- Dutch bank ING sees Brexit uncertainties preventing a Bank of England rate hike.
- Lack of clarity over what kind of deal, if any, Britain and the EU will strike will prevent rates from rising.
- Markets expect the central bank to increase rates in November.
LONDON — The growing chance that the UK crashes out of the European Union without a trade deal may stop the Bank of England from hiking interest rates in the near future, according to research from Dutch bank ING.
Market expectations are that the bank will almost certainly raise its base interest from 0.25% to 0.5% when the key Monetary Policy Committee meets at the beginning of November, thanks largely to surging inflation in the UK since the vote to leave the EU last summer.
The policy dilemma facing Britain’s central bank when it comes to rates, is that it must balance surging inflation with the slowdown in the economy, dwindling consumer spending and declining inward investment.

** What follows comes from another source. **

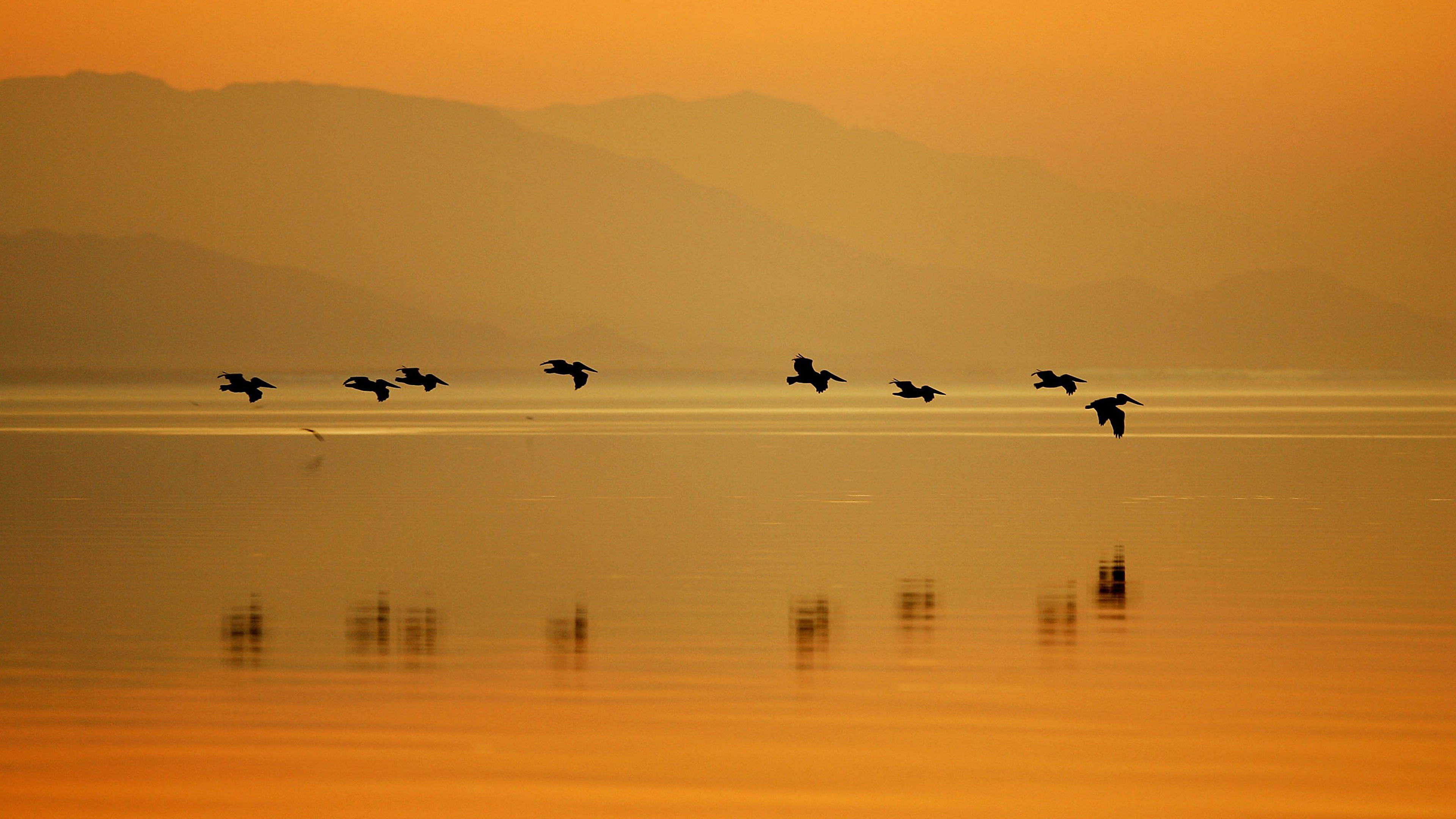 Pelicans at Sonny Bono Salton Sea National Wildlife Refuge, 加利福尼亚州 (© David McNew/盖蒂图片社)
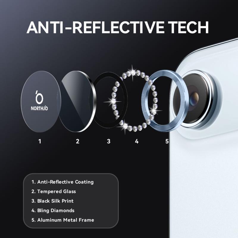 NORTHJO Rhinestone Lens Protector oferă ce este mai bun din ambele lumi - strălucire premium și durabilitate de înaltă rezistență. Îmbunătățește aspectul telefonului dvs. menținând în același timp claritatea fotografiilor profesionale și protecția de zi cu zi.

With inflation hitting 3% last month, it seems more likely than ever before that the bank will see the see-saw tilting toward the inflation side of the argument, prompting a rate hike.
ING economist James Smith, however, said that the uncertainty over whether or not an agreement can be reached over a transitional arrangement to smooth Britain’s path out of the bloc, will put the bank’s policymakers off any rate hike in the coming months.

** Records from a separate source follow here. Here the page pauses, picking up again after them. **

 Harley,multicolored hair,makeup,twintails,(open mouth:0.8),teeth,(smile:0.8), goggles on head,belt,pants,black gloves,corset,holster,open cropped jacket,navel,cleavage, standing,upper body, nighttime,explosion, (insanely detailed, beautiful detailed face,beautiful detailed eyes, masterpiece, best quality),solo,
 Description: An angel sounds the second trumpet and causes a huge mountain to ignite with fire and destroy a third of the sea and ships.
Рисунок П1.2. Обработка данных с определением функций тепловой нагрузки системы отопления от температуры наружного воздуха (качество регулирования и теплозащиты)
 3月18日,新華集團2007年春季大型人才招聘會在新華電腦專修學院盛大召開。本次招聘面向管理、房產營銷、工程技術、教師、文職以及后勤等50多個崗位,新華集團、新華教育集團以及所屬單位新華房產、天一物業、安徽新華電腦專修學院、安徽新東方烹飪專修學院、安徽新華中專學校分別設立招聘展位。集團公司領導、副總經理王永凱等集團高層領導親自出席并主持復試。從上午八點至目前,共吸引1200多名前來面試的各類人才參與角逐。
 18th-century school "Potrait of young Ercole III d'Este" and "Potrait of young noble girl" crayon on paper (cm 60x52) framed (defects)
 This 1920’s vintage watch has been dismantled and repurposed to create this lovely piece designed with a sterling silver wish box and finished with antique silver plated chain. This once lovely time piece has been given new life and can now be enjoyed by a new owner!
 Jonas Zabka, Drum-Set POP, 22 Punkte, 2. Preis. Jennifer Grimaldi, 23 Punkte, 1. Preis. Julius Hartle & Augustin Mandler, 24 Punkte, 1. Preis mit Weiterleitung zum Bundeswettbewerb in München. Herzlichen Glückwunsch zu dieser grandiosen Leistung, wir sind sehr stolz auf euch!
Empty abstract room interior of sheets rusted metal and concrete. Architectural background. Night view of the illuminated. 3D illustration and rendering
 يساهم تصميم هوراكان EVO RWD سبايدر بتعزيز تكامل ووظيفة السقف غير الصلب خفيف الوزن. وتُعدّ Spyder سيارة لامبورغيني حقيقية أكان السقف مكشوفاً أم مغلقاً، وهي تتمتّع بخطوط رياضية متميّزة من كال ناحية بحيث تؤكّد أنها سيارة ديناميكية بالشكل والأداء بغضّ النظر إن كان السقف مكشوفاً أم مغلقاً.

“Given the number of open questions, not just on the transition, but on various Brexit issues, the Bank is likely to proceed cautiously until the picture becomes clearer,” Smith wrote in a blog on ING’s “Think” economic research portal.

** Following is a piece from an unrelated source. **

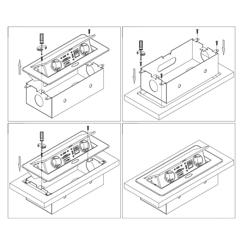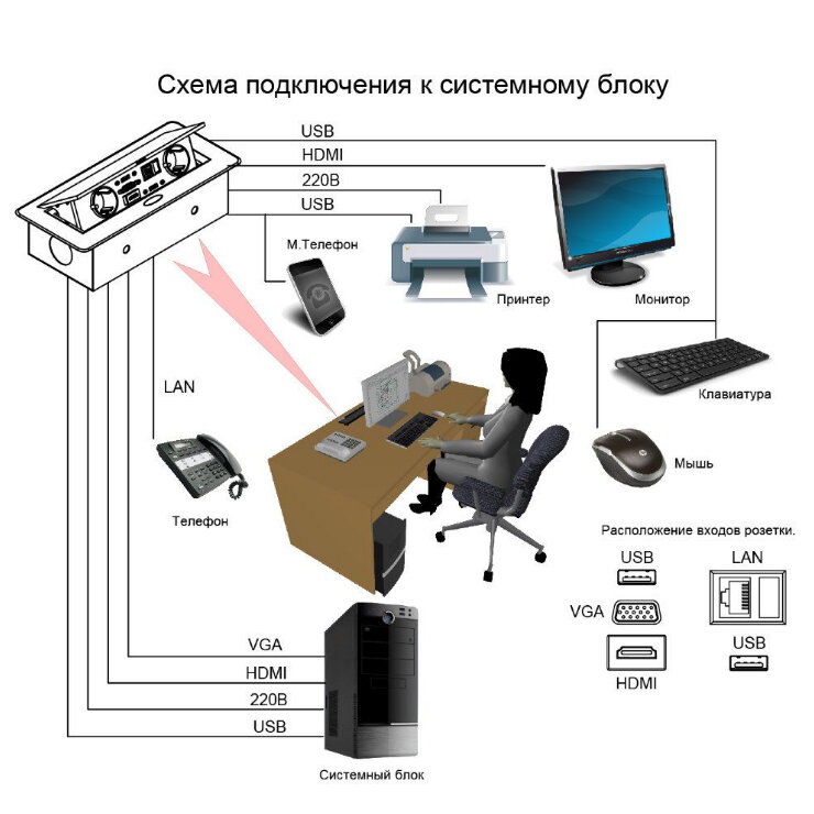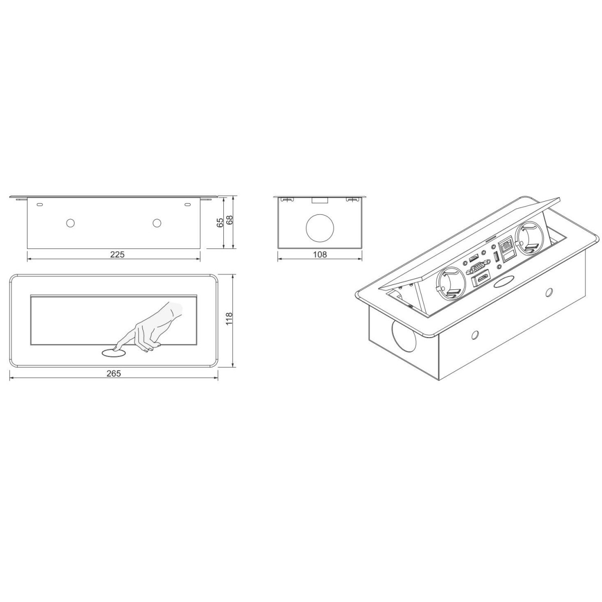 Горизонтальный выдвижной блок розеток на 2 евро-гнезда и 2 USB используется для одновременного подключения двух единиц оснащения и подзарядки пары мобильных устройств. Удлинитель монтируется в столешницу и выдвигается при легком нажатии на кнопку. Устройство универсально для квартир, офисов и конференций. Для монтажа необходимо врезное отверстие размером 225*108 мм.
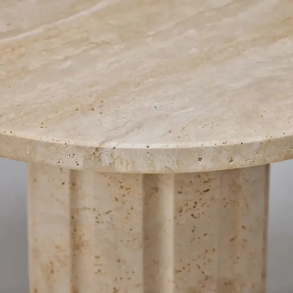 Raw travertine brings warmth and dimension to the Amerigo Side Table and its classical base. Granite and marble are natural materials; variations in coloration, veining and texture are to be expected. Veins, smooth to the touch, are not defects, but rather natural imperfections that add to the uniqueness and charm of each piece.

“At this stage, we feel that it is more likely than not that the Bank decides to stay hold through next year.”
Throughout 2017 the Bank of England has made clear in its communications that it is basing its economic scenarios on a situation whereby Brexit negotiations proceed smoothly.
The reality so far has been a little different. Last week the EU’s chief Brexit negotiator Michel Barnier said that talks between Britain and the bloc had reached a “deadlock.”
Both parties are struggling to agree on a financial settlement tied to Britain’s exit from the bloc, with the EU demanding a far greater sum than Britain is willing to pay at this point. That has led to something of an impasse in negotiations, with both sides saying that the ball is in the other’s court.
Prime Minister Theresa May has also repeatedly stressed her belief that “no deal is better than a bad deal” — leaving the door wide open for Britain to drop out of the EU without any formal arrangement in place. This is a scenario that is unlikely to be considered “smooth” by the BoE.
This week the Bank of England’s two newest policymakers — Silvana Tenreyro and Sir Dave Ramsden — made clear in separate appearances before the House of Commons Treasury Select Committee that they do not yet believe that the time has come to increase interest rates.